[Start of Attachment]

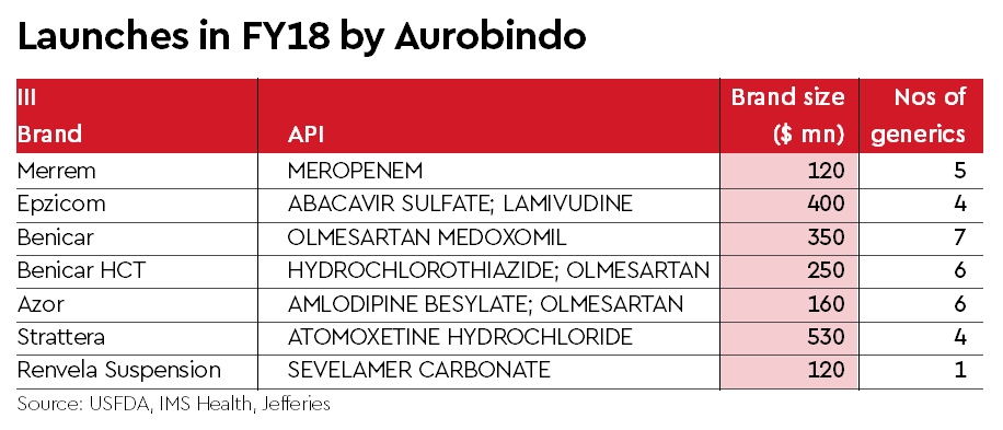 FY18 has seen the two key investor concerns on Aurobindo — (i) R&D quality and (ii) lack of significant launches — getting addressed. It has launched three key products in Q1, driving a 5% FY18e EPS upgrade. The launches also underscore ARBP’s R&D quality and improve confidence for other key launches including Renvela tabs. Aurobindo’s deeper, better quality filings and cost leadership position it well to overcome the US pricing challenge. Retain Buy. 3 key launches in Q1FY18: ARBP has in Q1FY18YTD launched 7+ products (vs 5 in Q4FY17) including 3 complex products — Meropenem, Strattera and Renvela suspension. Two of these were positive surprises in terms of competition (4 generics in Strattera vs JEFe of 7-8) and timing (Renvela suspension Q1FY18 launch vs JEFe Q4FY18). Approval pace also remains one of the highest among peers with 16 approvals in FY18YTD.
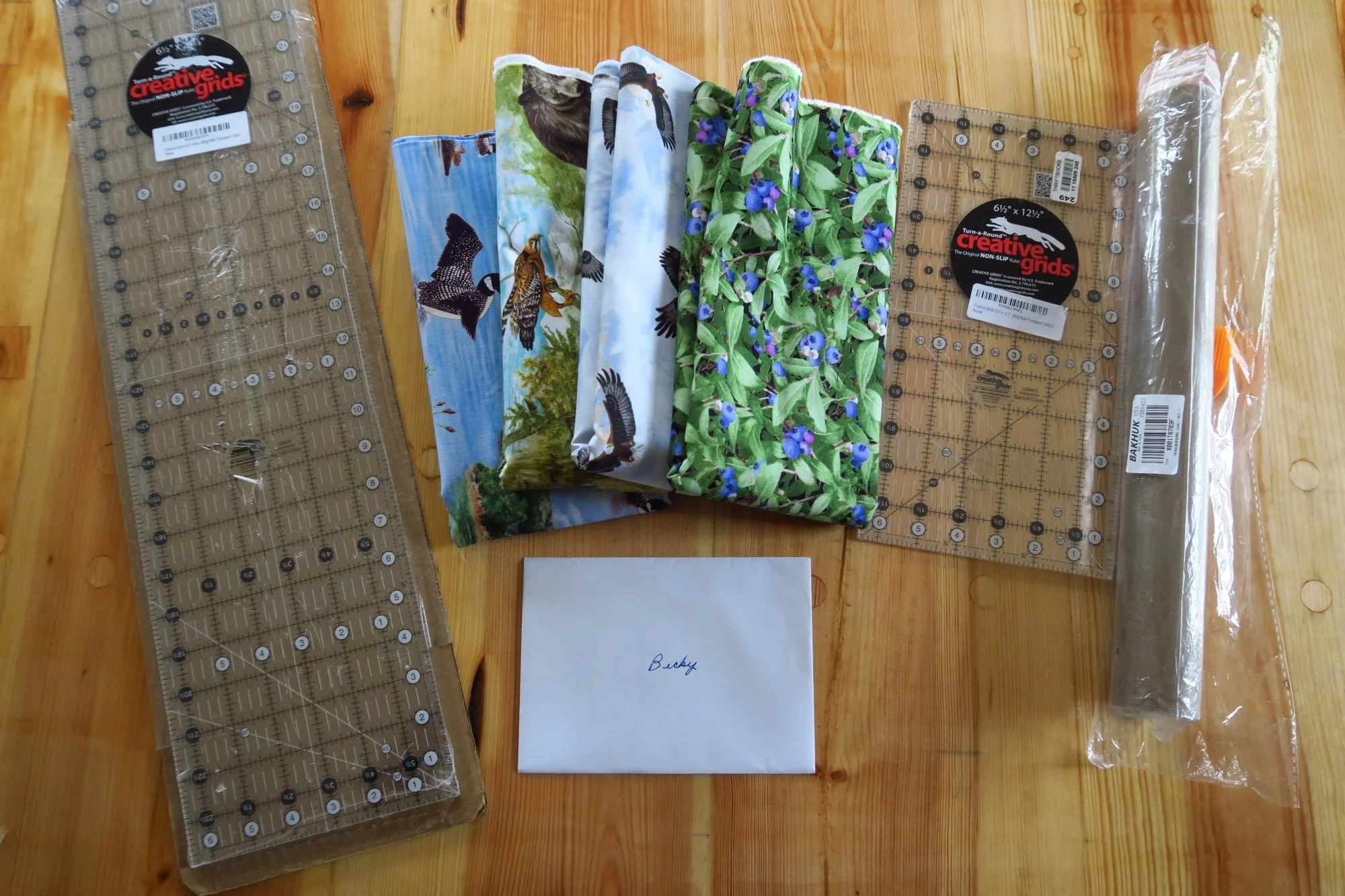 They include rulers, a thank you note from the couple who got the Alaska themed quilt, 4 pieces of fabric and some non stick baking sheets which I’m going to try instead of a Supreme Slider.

[End of Attachment]
[Start of Attachment]

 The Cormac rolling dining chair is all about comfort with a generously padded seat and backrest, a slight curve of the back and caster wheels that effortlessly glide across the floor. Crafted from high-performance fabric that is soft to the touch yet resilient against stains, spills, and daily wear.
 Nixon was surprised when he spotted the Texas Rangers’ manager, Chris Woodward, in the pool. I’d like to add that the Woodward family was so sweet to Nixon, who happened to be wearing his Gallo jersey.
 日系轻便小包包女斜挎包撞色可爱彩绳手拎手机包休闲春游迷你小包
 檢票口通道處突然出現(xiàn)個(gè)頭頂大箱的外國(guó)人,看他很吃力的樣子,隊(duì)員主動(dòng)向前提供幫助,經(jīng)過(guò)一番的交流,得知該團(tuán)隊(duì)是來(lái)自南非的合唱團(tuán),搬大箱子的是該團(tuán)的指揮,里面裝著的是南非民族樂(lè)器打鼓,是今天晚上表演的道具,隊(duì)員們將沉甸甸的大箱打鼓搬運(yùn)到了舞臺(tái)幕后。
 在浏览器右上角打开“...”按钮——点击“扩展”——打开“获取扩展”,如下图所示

[End of Attachment]
[Start of Attachment]

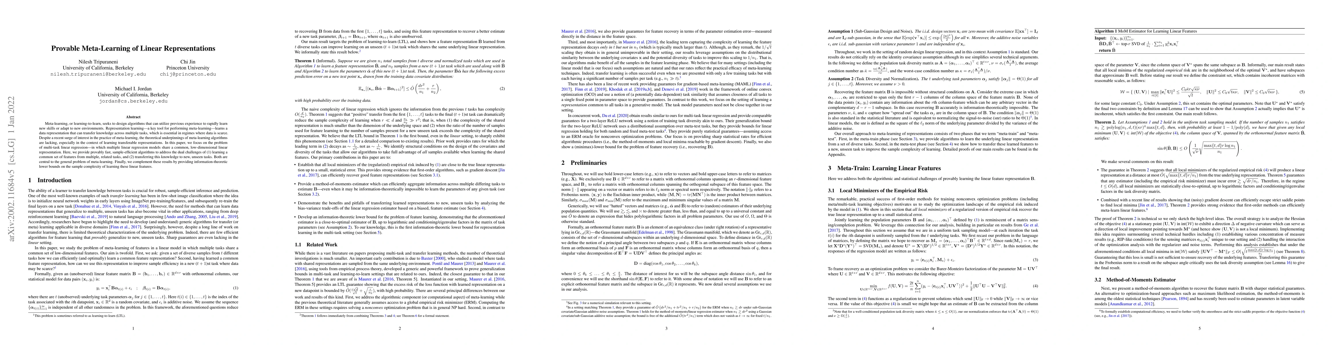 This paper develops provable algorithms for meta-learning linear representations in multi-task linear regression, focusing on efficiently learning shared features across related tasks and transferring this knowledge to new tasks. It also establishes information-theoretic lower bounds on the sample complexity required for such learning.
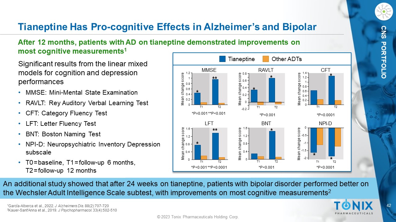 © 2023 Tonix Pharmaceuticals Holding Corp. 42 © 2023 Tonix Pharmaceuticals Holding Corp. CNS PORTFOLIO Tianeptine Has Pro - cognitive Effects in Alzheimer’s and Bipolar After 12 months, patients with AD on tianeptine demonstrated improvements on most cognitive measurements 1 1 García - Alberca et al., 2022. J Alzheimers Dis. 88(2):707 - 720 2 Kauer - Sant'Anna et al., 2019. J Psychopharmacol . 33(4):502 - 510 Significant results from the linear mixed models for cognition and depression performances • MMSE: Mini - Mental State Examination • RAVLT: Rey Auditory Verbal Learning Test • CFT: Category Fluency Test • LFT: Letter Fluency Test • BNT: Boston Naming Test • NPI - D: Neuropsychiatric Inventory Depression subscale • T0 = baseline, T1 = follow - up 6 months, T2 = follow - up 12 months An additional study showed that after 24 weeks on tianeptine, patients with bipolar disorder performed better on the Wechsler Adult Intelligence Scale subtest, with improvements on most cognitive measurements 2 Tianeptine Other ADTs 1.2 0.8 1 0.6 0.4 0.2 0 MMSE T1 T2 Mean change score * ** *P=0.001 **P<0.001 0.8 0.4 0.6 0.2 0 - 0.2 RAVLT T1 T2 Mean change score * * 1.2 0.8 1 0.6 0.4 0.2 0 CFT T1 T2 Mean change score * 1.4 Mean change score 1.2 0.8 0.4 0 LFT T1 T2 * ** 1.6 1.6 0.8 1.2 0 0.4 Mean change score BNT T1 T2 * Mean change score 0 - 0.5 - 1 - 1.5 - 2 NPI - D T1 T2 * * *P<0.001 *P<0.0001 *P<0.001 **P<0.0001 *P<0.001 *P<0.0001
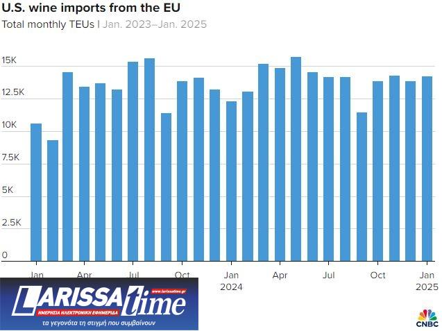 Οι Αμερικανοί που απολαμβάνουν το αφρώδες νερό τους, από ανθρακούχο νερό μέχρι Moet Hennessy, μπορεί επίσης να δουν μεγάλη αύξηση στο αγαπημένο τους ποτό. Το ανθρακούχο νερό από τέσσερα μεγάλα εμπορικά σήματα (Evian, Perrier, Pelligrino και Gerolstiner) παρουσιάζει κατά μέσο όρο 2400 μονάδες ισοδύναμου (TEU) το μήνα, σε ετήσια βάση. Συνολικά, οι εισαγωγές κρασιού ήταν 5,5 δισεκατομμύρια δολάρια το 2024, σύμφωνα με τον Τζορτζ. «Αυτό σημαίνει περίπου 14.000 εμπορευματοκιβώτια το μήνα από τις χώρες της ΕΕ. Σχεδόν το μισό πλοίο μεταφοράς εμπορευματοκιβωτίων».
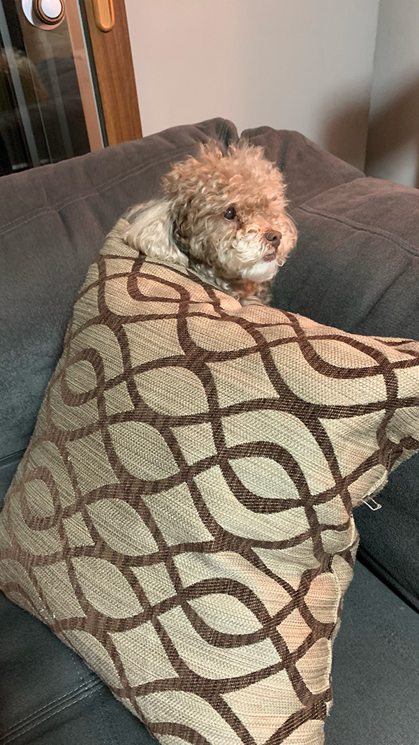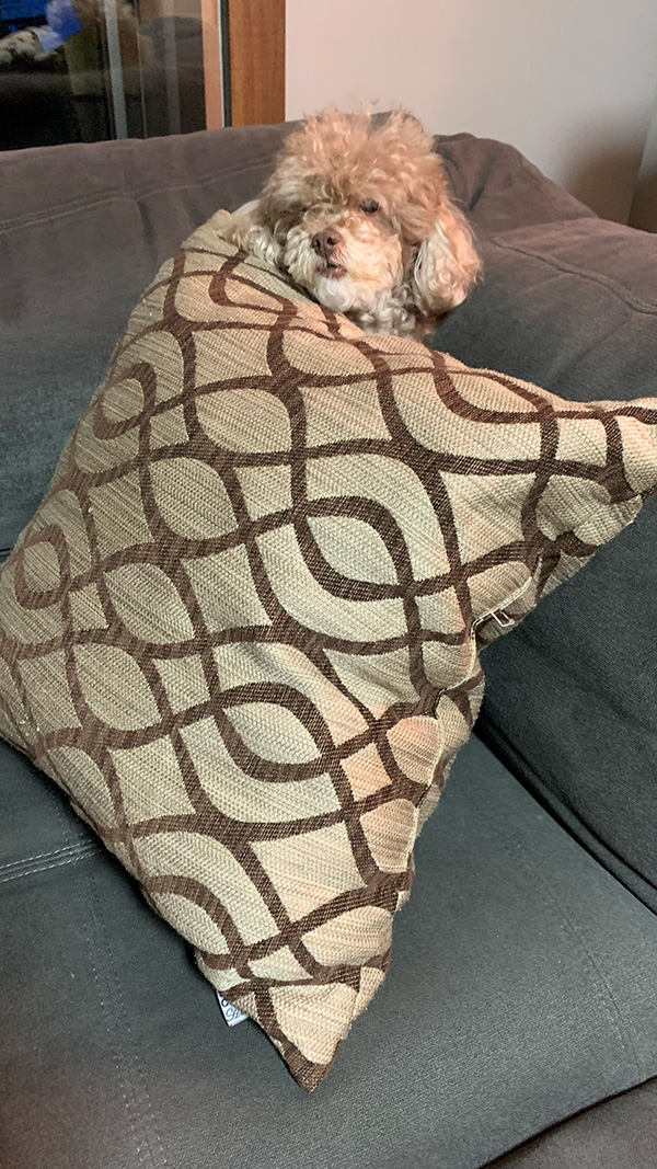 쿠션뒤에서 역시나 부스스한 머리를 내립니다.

[End of Attachment]

| WORK TASK |
In the listing above, find the line containing "FY18 has seen" and the line containing "They include rulers, a", then return both of them and every line between, exactly, without pictures.

| EXERCISE RESPONSE |
 FY18 has seen the two key investor concerns on Aurobindo — (i) R&D quality and (ii) lack of significant launches — getting addressed. It has launched three key products in Q1, driving a 5% FY18e EPS upgrade. The launches also underscore ARBP’s R&D quality and improve confidence for other key launches including Renvela tabs. Aurobindo’s deeper, better quality filings and cost leadership position it well to overcome the US pricing challenge. Retain Buy. 3 key launches in Q1FY18: ARBP has in Q1FY18YTD launched 7+ products (vs 5 in Q4FY17) including 3 complex products — Meropenem, Strattera and Renvela suspension. Two of these were positive surprises in terms of competition (4 generics in Strattera vs JEFe of 7-8) and timing (Renvela suspension Q1FY18 launch vs JEFe Q4FY18). Approval pace also remains one of the highest among peers with 16 approvals in FY18YTD.
 They include rulers, a thank you note from the couple who got the Alaska themed quilt, 4 pieces of fabric and some non stick baking sheets which I’m going to try instead of a Supreme Slider.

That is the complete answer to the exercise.